Hosting generally falls under two categories: managed and unmanaged. Managed WordPress web hosts like Kinsta, WP Engine, Laughing Squid, or Pressable manage your hosting environment for you. You don’t have to worry about keeping the environment itself secure, you just have to worry about keeping WordPress and your themes and plugins up to date. Some of these hosts (like we mentioned earlier) will actually keep WordPress up to date for you and actively monitor WordPress for security problems. If you just want to focus on writing your blog or building your website, go with a managed web host. The more updating and monitoring they do for you the better.
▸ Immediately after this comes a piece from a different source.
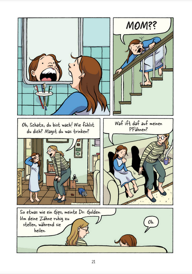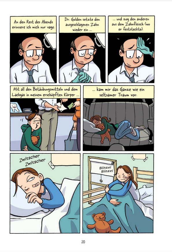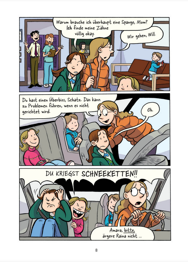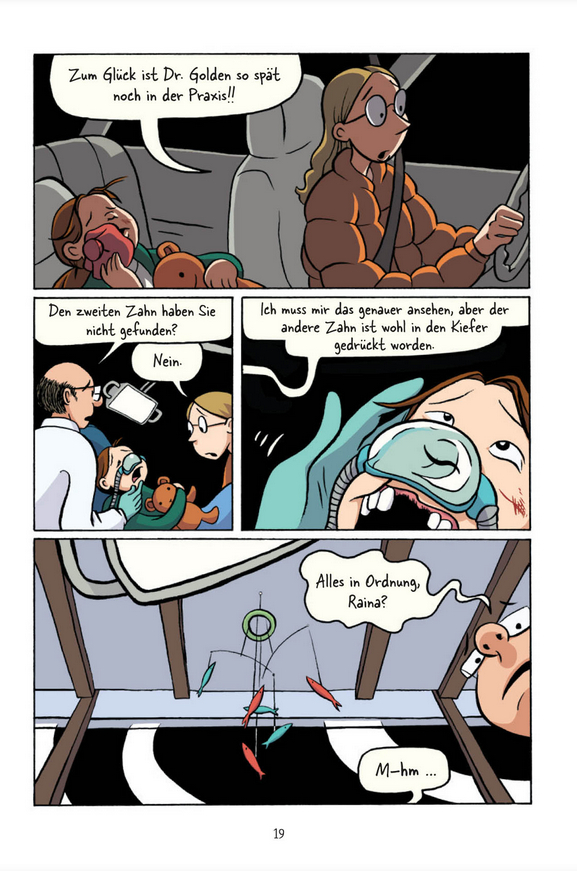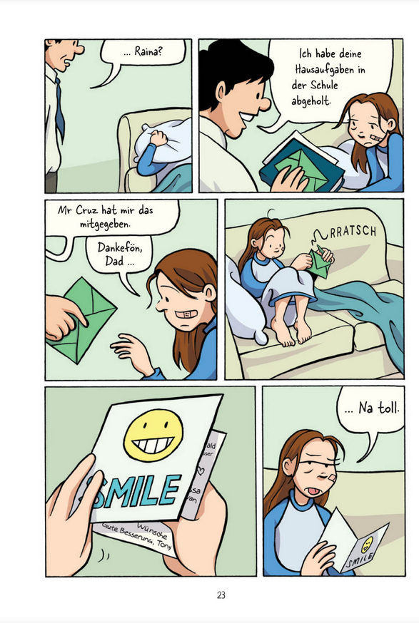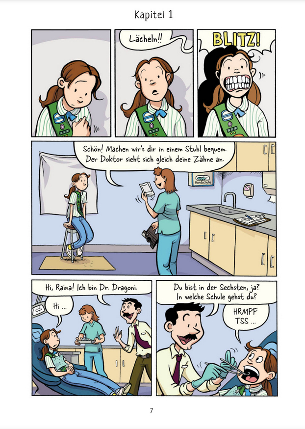 Wer lächelt, zeigt Zähne. Nur bei Raina klafft eine riesige Lücke, wo früher ihre Schneidezähne waren. Seit ihrem Unfall trägt sie eine peinliche Zahnspange. Und immer wieder muss sie zum Zahnarzt, zum Chirurgen, zum Kieferorthopäden. Da kann einem das Lachen schon einmal vergehen. Als ob sie sonst keine Probleme hätte! Pickel zum Beispiel. Und Jungs. Wie gut, dass sie an der neuen Schule wenigstens echte Freundinnen findet. Und am Ende auch wieder lachen kann.

If you’re going with an unmanaged web host you’re likely looking at a VPS or a dedicated server. If you need a VPS, I’d recommend Linode. We’ve used them for years, and they’ve been cost effective and reliable. I’m not going to get into all the details of securing an unmanaged server, as the topic deserves its own blog post, but here are some quick tips:

  • Change to a non-standard SSH port.
  • Set up iptables to block unwanted traffic.
  • Disable root logins.
  • Disable password login (only use SSH keys).
  • Disable remote database access if you don’t need it.
  • Install an automatic package updater or actively monitor for security updates through a mailing list.

This is just a short list. If you’re running your own unmanaged server or VPS, it’s worth doing some more research on hardening your server.

Stick to the basics

WordPress security can be intimidating, but if you get the basics right, you’re unlikely to ever have any issues. Remember, the most important thing is to keep WordPress up to date. If you’re using an old version of WordPress, you’re a straggler, and you’re more of a target for hackers. If you always stay up to date, and use a good managed web host, you won’t have anything to worry about.

If you have any other WordPress security tips, let us know in the comments.